THE TASK: Look below for the line containing "Angaben zu den", then write out that line and every line after it to the end, exactly, minus the pictures.

EXERCISE DATA:
^^^^^^^^

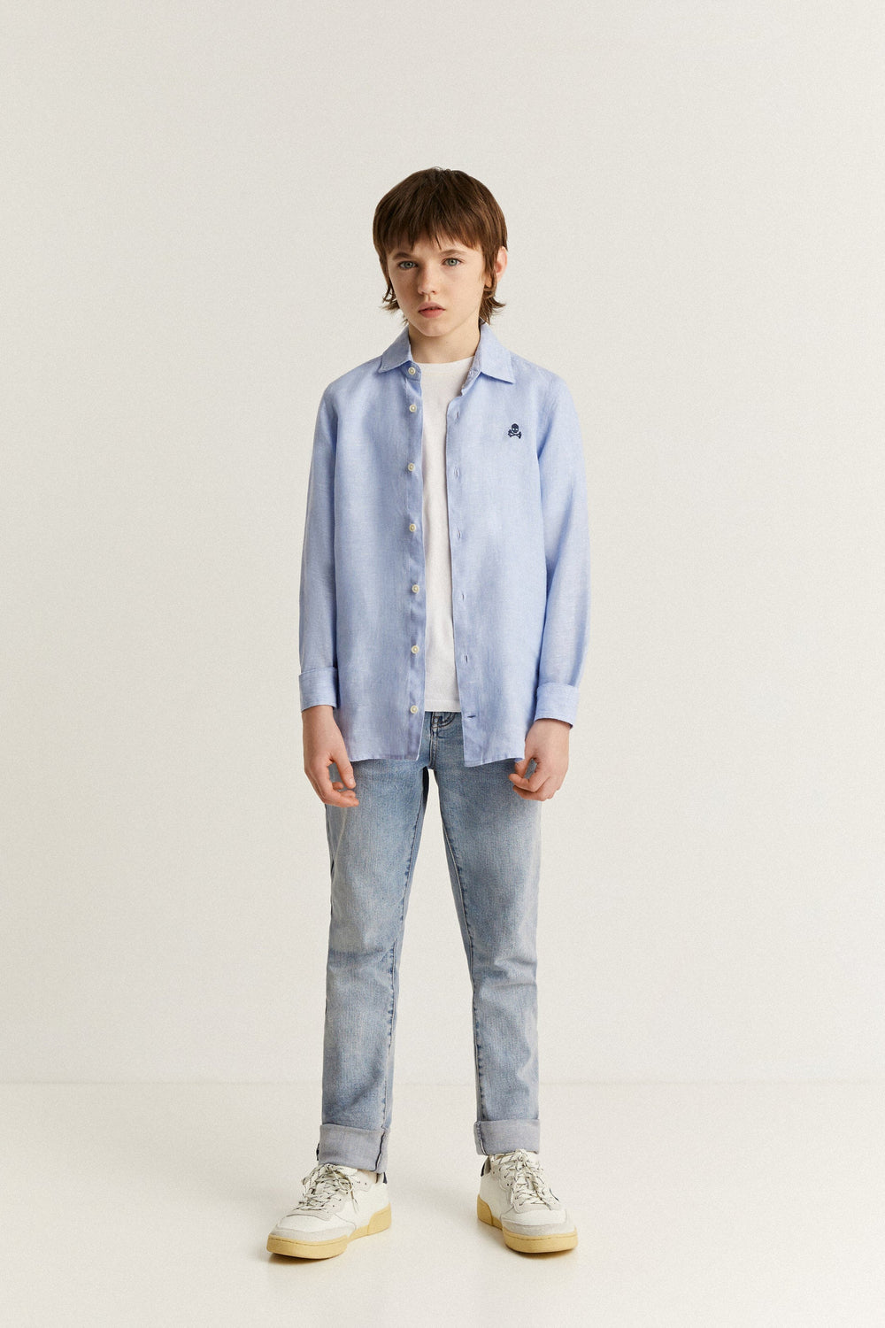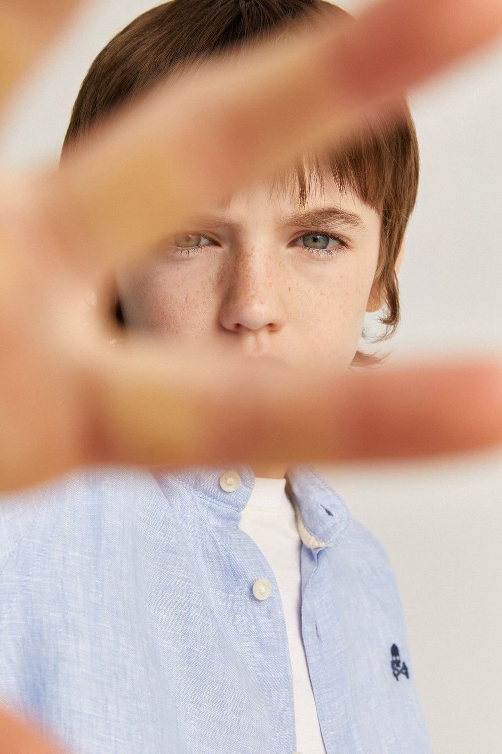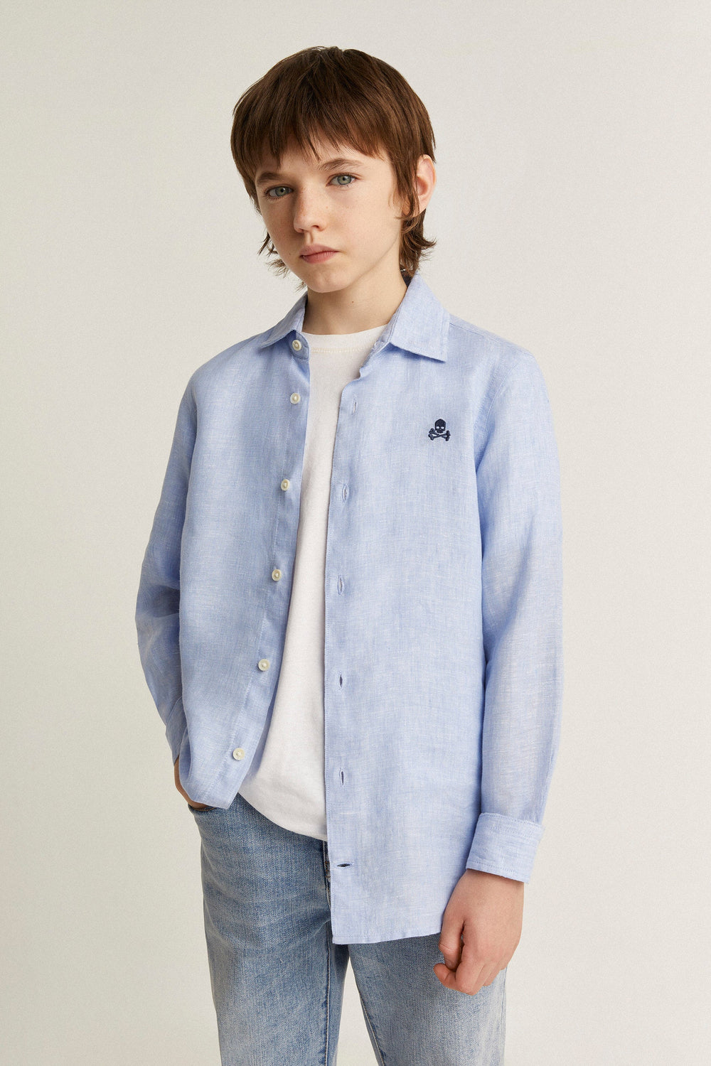 LINEN SHIRT WITH CUTAWAY COLLAR
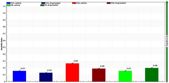 Instability indexes in accelerated stability studies of nanoemulgels with 11 (P11), 10 (P10) or 8% (P8) Pluronic, encapsulating ketoprofen (drug-loaded) or not (vehicle).
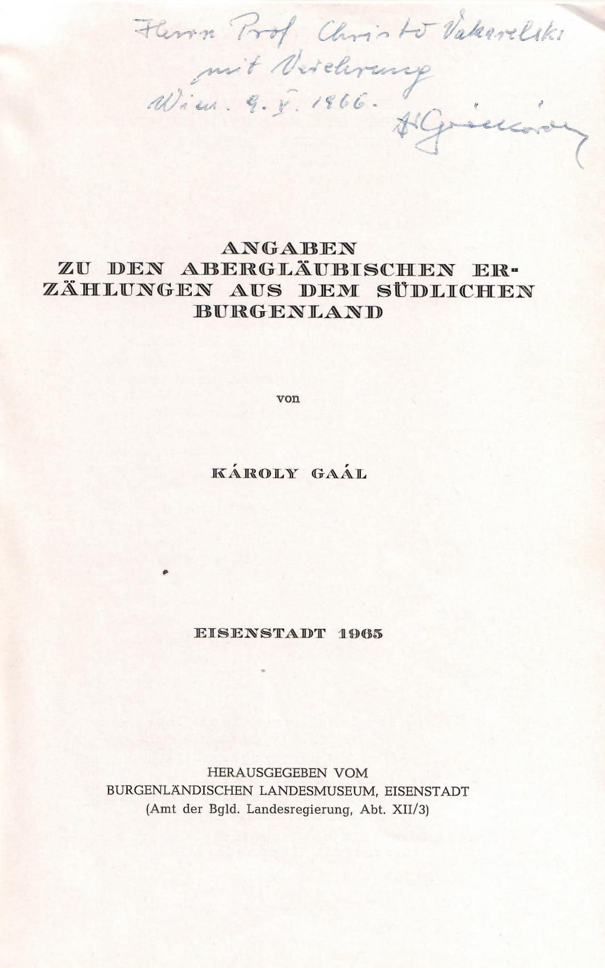 Angaben zu den aberglaubischen Erzahlungen aus dem sudlichen Burgenland / Karoly Gaal ; Herausgegeben vom Burgenlandischen Landesmuseum in Eisenstadt. – Eisenstadt : Burgenlandisches Landesmuseum, 1965. – (Wissenschaftliche Arbeiten aus dem Burgenland ; Heft 33).
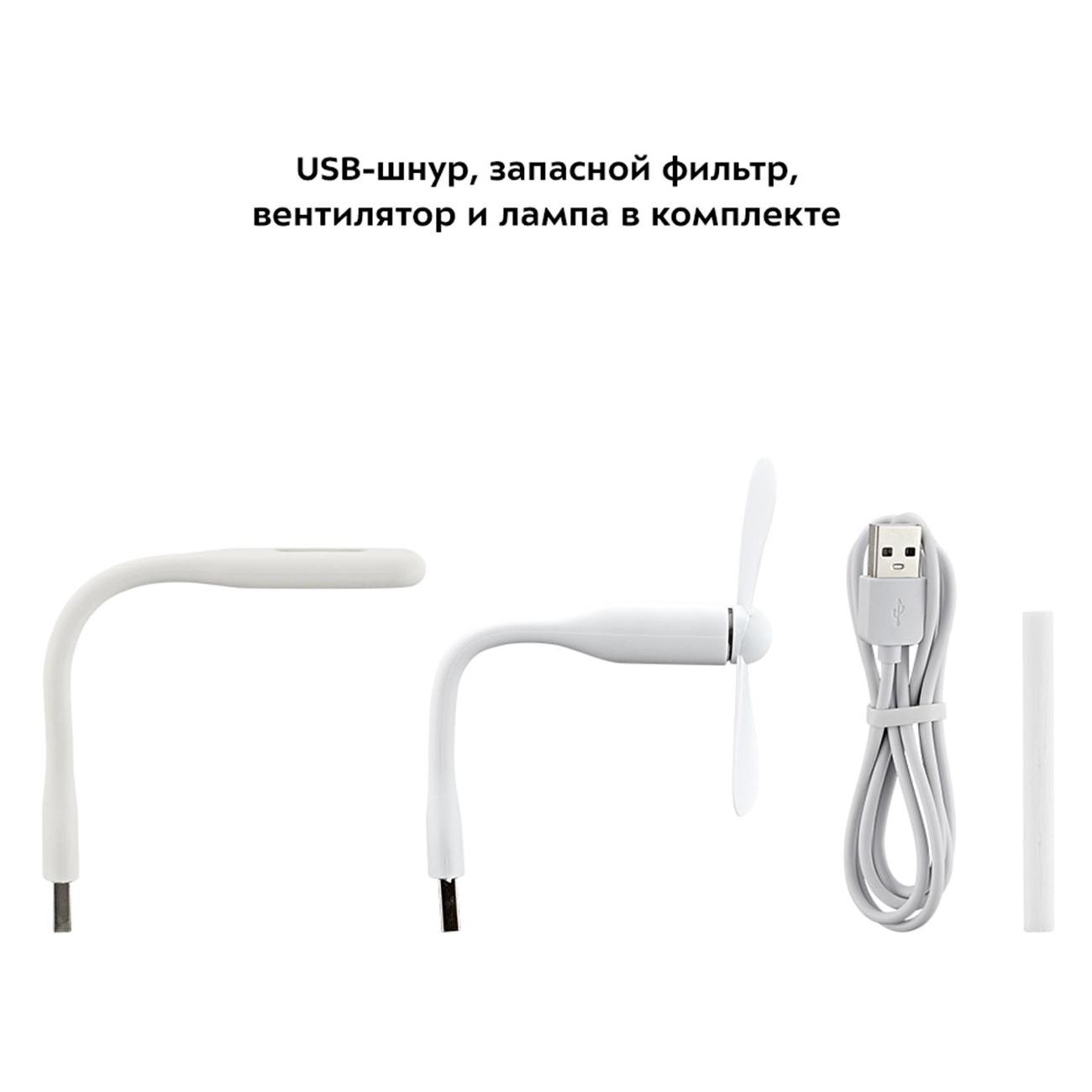 Прибор дополнительно оснащен функцией автоматического отключения. Питание осуществляется посредством USB-порта, потребляемая мощность — 2 Вт. Длина сетевого шнура равна 1 м. Корпус и бак устройства изготовлены из пластика. Цвет — белый. Размеры — 9,3х8,5х8,5. Вес — 0,11 кг.

^^^^^^^^

FINAL ANSWER:
 Angaben zu den aberglaubischen Erzahlungen aus dem sudlichen Burgenland / Karoly Gaal ; Herausgegeben vom Burgenlandischen Landesmuseum in Eisenstadt. – Eisenstadt : Burgenlandisches Landesmuseum, 1965. – (Wissenschaftliche Arbeiten aus dem Burgenland ; Heft 33).
 Прибор дополнительно оснащен функцией автоматического отключения. Питание осуществляется посредством USB-порта, потребляемая мощность — 2 Вт. Длина сетевого шнура равна 1 м. Корпус и бак устройства изготовлены из пластика. Цвет — белый. Размеры — 9,3х8,5х8,5. Вес — 0,11 кг.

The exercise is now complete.